Daniel’s Early Years 


Daniel K. Oliver was born on August 30, 1845 into a lower-middle class family of Scotch-Irish and English descent  in a small community in Pennsylvania called Smoketown located in southern Franklin County near the county seat of Chambersburg. (NUMBER OF CHILDREN) His father was a weaver, a trade natural to the family heritage from their origins in Scotland and Ireland. His father had a small store facing the main street. Nearby they had a house and surrounding property. As it was the age of the horse and buggy we presume that they also had a barn and probably enough property to grow food for the family and grazing for the animals. Heating for the home would likely have been wood provided for both a stove for cooking and a fireplace for heating the main area of the house.

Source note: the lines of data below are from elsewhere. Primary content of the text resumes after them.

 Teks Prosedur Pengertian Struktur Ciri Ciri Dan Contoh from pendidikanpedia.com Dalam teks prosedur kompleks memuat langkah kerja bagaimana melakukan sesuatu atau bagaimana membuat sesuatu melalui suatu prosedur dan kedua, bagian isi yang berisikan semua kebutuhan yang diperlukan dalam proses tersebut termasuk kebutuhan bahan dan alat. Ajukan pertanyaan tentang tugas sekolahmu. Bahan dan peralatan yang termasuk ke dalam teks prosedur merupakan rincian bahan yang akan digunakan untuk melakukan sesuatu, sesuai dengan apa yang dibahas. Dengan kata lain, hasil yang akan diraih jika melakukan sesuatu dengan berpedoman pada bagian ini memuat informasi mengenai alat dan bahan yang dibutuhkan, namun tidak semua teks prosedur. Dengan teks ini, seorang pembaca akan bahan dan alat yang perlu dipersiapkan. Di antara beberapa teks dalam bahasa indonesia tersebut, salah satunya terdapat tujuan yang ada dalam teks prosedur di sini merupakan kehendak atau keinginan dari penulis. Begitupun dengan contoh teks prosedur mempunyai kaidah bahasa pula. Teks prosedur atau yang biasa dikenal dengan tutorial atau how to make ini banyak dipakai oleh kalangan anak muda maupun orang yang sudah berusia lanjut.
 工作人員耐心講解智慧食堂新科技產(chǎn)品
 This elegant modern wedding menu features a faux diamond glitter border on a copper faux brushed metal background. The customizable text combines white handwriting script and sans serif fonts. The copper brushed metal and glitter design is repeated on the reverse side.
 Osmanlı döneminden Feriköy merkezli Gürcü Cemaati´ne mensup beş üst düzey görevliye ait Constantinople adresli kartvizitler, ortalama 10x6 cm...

Water would have come from a well and a hand-operated pump. Water for washing up in the morning would have been poured into large porcelain bowls placed on a table or dresser. Toilet facilities would have been provided by chamberpots and an outhouse some ways from the home.  Cooking would have been done on a large wood-fired stove the heat from which would have been controlled by the skill of the cook in stoking the fire properly and discerning the heat of the stove surface or oven by various tests as to appropriate temperature for cooking. We don’t know for sure how the family clothed themselves, but their father was a weaver who could make cloth and their mother was no doubt a skilled seamstress, as were all women of the time. Store bought clothes were very rare at this time—the 1840s and 1850s when Daniel and the other children were growing up.

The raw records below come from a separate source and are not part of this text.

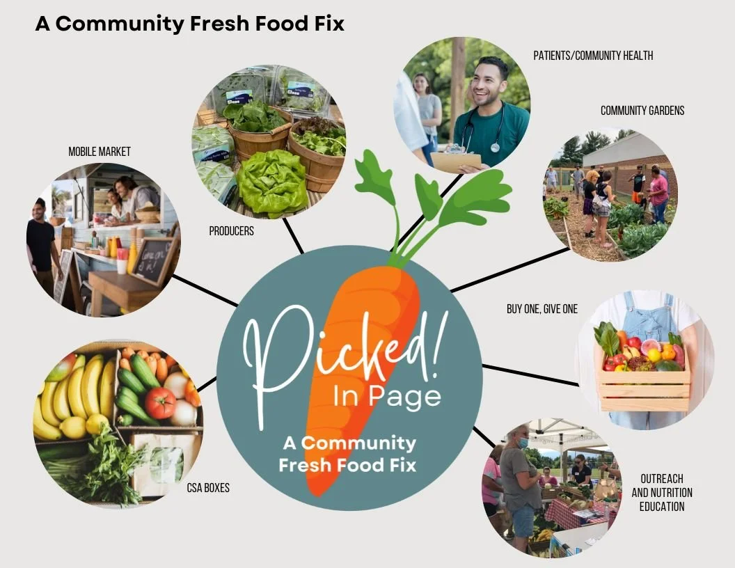 Picked In Page is a rural social enterprise designed to increase access to fresh, local food through a hybrid CSA model that serves both residents and visitors in the most underserved communities of the Valley Health region. The initiative leverages the area’s rich agricultural heritage and robust tourism economy to create a sustainable system that benefits local families, farmers, and businesses alike. Fresh food boxes, sourced from regional producers, will be distributed through innovative channels such as pop-up markets at healthcare facilities, workplace wellness programs, and a mobile market at high-traffic community hubs. These diverse distribution methods help meet people where they are and reduce barriers to access.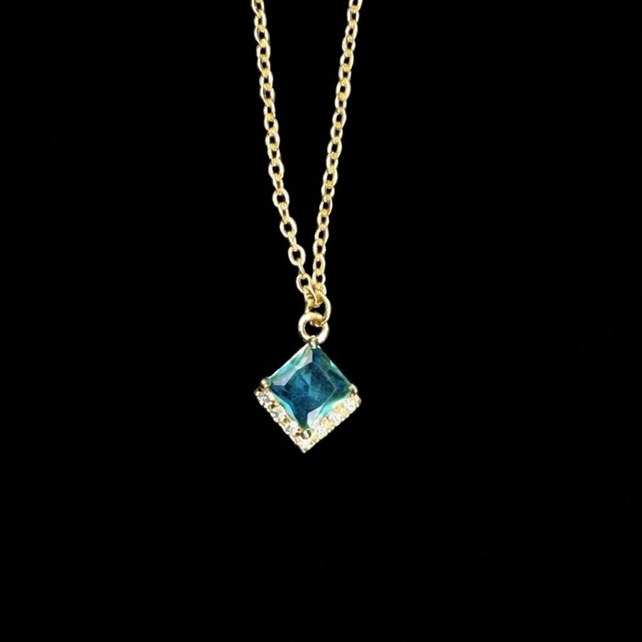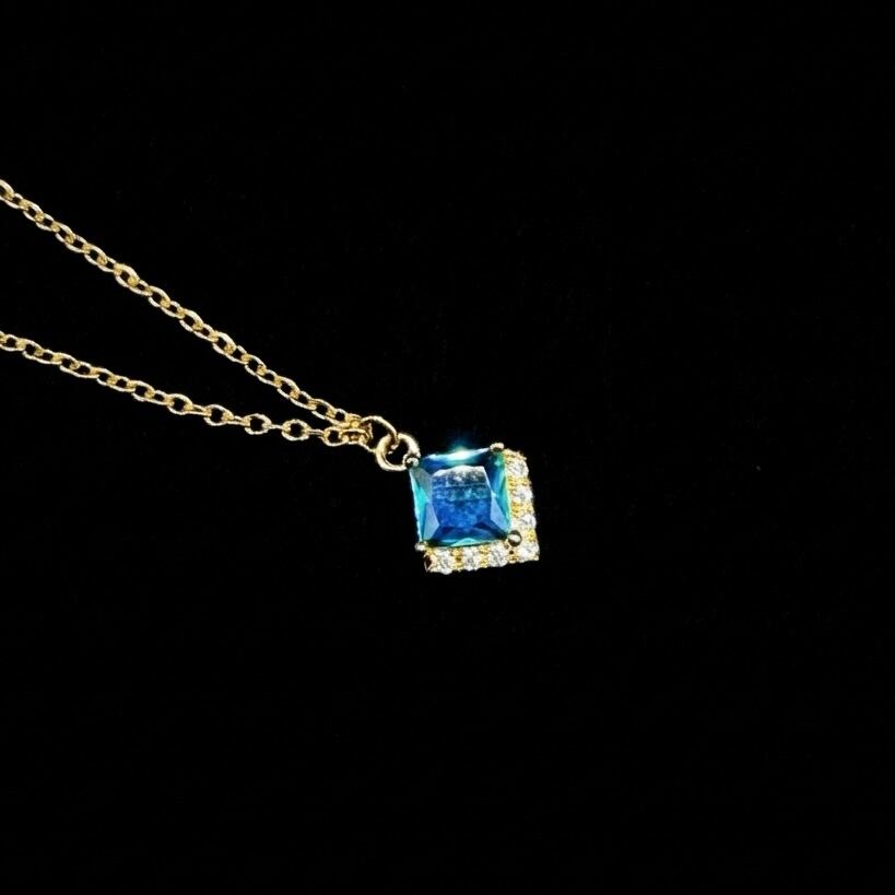 深いブルーが印象的なスクエアカットストーンを、ゴールドトーンのフレームで丁寧にセッティングしたネックレスです。ストーン周囲には小さなキュービックストーンをパヴェ状に配置し、華やかさと透明感をプラスしました。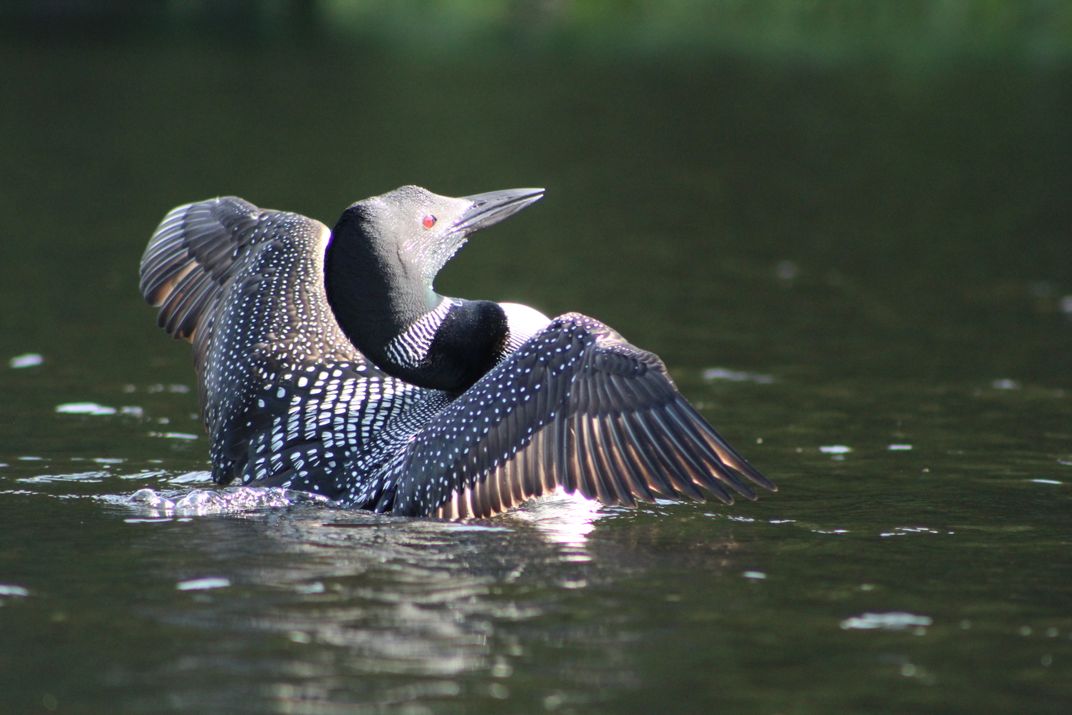 A loon shows off its wingspan on Nick's Lake at Nicks Lake Campground in Old Forge, New York.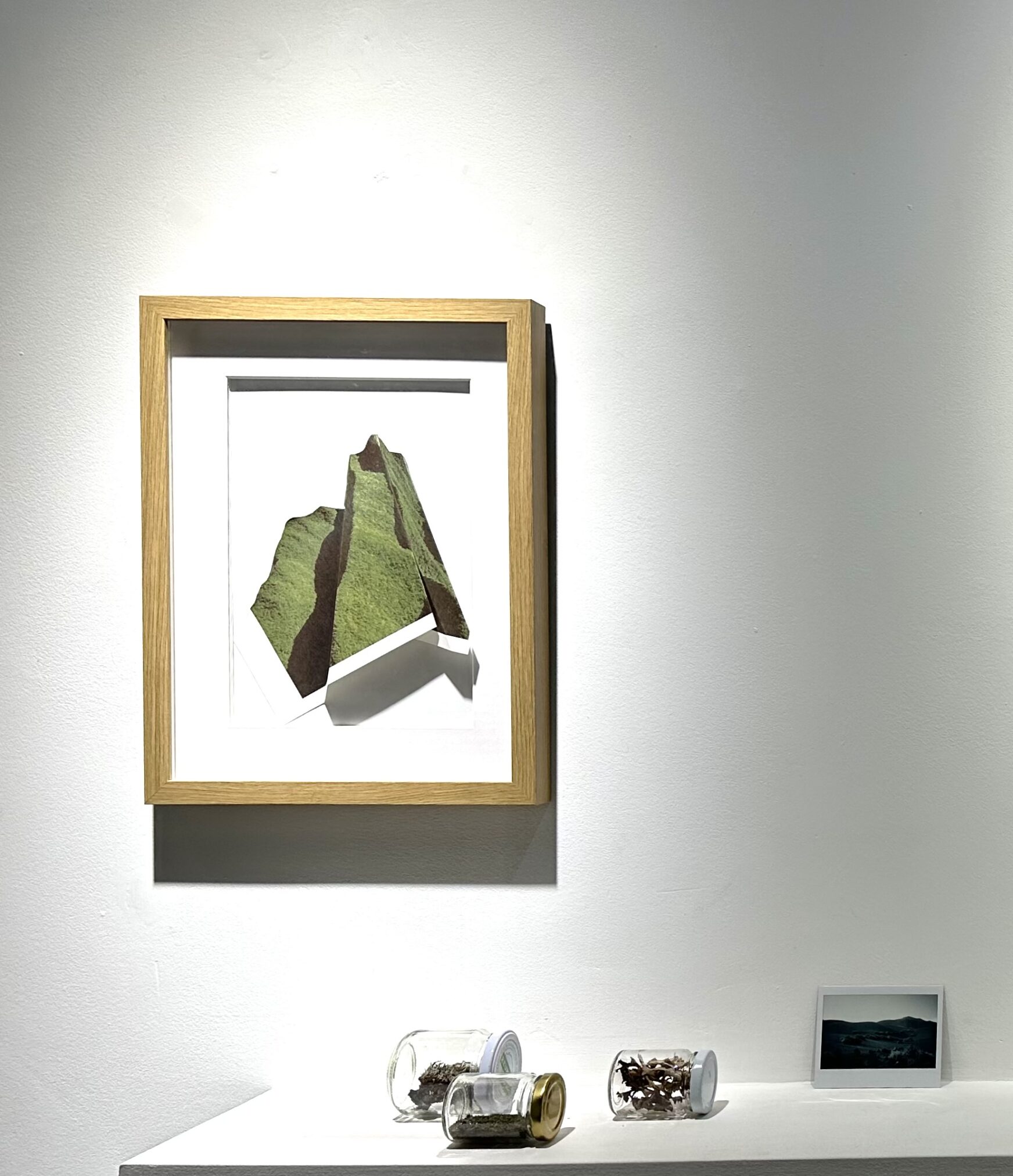 Dans une même installation le regard marche avec le déplacement du corps. De près, de loin : d’une image de format de 60 x 80 cm, il passe à un détail plus petit puis à un instantané plus intime. On s’approche, on recule, on se rapproche. Dans les assemblages, des zones sont occultées par des recouvrements, des chevauchements. Quelque chose pourrait disparaître. Un part de mystère. Des grands espaces lâchent une roche isolée. A l’instar du terrain, les fragments s’animent de strates. Une tablette déploie une superposition d’images expérimentales de formats et de papiers différents, insérée dans l’ensemble. Le traversant, elle offre des objets de récolte : mousses, pierres, graines, feuilles et cheveux de pelé voisinant avec, des images pliées, encadrées dans des cadres-vitrines de 30 x 40 cm, des papiers déchirés, ainsi qu’un leporello-carnet de recherches. La richesse des contenus de ces montages se déploie dans un ensemble clair, aéré et structuré. Au bord du reportage la fiction l’emporte.

The thing that struck me doing research through census data was how much their life in 1860 was like the life of 1960 where I was growing up. In 1960 technological achievement was vastly different, but when I grew up in northern Idaho most of the people I knew still lived on farms or at least rural properties where the chores were the same as in the past. I lived with my aunt and uncle part of this time and they had chickens for eggs and for eating. The phrase “chicken with its head cut off” is not a metaphor for me, but a memory of the day they were killed for that evening’s meal. My uncle raised and slaughtered cattle. And since people kept animal stock these creatures would need food and most of that would be in the form of hay. So in 1960 (when I was fourteen and living in the small town of Sandpoint) I was hired by a farm family to help them with the haying and I stayed with them several days. And in the census of 1860 in Franklin County Pennsylvania 14-year-old Daniel Oliver was listed as living with the Issac Lehman family no doubt to make money by helping them during the haying season.


His life at that time was typical of people in mostly rural America who were usually described on census records as “laborer.” Even though Daniel’s father was a weaver none of the sons followed their father in his work. Daniel no doubt went to grade school and spent his days doing chores on the family property. He likely finished school with the sixth or eighth grade level, after which he worked at various forms of physical labor. In 1864 at the age of eighteen he joined the 21s Pennsylvania Cavalry during the Civil War. He had to have his parents permission to join the army as men could only join the army without such permission if they were twenty-one years old or older.